» **BRIEF**:
Once the line containing "La reunión fue" is found in the entries below, restate it and each following line word for word, stopping after the line containing "Stíl Mhuirí Le".

» **SUPPLIED RECORDS**:
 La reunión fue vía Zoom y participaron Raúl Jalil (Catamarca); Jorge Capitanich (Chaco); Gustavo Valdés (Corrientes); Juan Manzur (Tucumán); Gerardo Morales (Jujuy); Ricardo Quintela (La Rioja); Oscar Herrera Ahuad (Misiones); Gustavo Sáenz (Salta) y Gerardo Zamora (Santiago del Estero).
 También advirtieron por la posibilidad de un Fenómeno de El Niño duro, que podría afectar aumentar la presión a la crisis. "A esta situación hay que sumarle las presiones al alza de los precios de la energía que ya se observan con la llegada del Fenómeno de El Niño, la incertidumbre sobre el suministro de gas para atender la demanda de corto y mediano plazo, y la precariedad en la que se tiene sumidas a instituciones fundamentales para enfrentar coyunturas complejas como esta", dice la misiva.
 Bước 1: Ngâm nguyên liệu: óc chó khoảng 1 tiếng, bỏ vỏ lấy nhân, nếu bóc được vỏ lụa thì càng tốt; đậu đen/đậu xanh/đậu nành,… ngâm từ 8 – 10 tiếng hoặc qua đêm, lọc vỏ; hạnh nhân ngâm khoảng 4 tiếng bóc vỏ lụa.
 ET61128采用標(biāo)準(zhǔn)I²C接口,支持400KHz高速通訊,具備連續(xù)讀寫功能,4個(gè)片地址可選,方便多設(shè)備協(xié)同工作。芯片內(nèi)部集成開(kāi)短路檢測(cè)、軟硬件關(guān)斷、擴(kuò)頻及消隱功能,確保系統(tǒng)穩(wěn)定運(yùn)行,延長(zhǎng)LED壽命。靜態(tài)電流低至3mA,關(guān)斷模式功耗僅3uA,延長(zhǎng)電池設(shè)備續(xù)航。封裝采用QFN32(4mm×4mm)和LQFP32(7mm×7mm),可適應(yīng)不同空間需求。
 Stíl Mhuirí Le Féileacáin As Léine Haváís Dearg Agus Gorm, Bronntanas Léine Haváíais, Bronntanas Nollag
==
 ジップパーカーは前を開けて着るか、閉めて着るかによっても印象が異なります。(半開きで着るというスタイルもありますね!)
==
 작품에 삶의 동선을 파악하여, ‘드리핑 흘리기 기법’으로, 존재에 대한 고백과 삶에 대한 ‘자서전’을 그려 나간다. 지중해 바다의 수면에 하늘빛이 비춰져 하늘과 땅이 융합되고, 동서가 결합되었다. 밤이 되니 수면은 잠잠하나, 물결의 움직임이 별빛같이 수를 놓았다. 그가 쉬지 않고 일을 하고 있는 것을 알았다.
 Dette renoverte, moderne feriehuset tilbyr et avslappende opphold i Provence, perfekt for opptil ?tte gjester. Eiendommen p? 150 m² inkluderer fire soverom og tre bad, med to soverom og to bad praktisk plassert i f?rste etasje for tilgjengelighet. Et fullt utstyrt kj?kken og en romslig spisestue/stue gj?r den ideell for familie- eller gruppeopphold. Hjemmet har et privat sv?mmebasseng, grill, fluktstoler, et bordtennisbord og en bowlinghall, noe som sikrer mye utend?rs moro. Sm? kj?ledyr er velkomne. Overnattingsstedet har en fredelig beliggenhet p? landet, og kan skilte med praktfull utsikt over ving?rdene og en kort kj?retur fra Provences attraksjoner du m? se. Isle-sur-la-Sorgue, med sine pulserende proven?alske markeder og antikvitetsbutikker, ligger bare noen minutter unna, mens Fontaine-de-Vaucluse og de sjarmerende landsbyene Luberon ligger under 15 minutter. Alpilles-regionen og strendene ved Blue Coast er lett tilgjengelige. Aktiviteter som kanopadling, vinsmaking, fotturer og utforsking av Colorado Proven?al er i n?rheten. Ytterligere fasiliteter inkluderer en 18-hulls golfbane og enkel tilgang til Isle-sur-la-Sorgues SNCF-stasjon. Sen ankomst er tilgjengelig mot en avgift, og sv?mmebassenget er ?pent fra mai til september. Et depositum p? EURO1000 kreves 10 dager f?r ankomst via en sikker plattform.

» **WRITTEN ANSWER**:
 La reunión fue vía Zoom y participaron Raúl Jalil (Catamarca); Jorge Capitanich (Chaco); Gustavo Valdés (Corrientes); Juan Manzur (Tucumán); Gerardo Morales (Jujuy); Ricardo Quintela (La Rioja); Oscar Herrera Ahuad (Misiones); Gustavo Sáenz (Salta) y Gerardo Zamora (Santiago del Estero).
 También advirtieron por la posibilidad de un Fenómeno de El Niño duro, que podría afectar aumentar la presión a la crisis. "A esta situación hay que sumarle las presiones al alza de los precios de la energía que ya se observan con la llegada del Fenómeno de El Niño, la incertidumbre sobre el suministro de gas para atender la demanda de corto y mediano plazo, y la precariedad en la que se tiene sumidas a instituciones fundamentales para enfrentar coyunturas complejas como esta", dice la misiva.
 Bước 1: Ngâm nguyên liệu: óc chó khoảng 1 tiếng, bỏ vỏ lấy nhân, nếu bóc được vỏ lụa thì càng tốt; đậu đen/đậu xanh/đậu nành,… ngâm từ 8 – 10 tiếng hoặc qua đêm, lọc vỏ; hạnh nhân ngâm khoảng 4 tiếng bóc vỏ lụa.
 ET61128采用標(biāo)準(zhǔn)I²C接口,支持400KHz高速通訊,具備連續(xù)讀寫功能,4個(gè)片地址可選,方便多設(shè)備協(xié)同工作。芯片內(nèi)部集成開(kāi)短路檢測(cè)、軟硬件關(guān)斷、擴(kuò)頻及消隱功能,確保系統(tǒng)穩(wěn)定運(yùn)行,延長(zhǎng)LED壽命。靜態(tài)電流低至3mA,關(guān)斷模式功耗僅3uA,延長(zhǎng)電池設(shè)備續(xù)航。封裝采用QFN32(4mm×4mm)和LQFP32(7mm×7mm),可適應(yīng)不同空間需求。
 Stíl Mhuirí Le Féileacáin As Léine Haváís Dearg Agus Gorm, Bronntanas Léine Haváíais, Bronntanas Nollag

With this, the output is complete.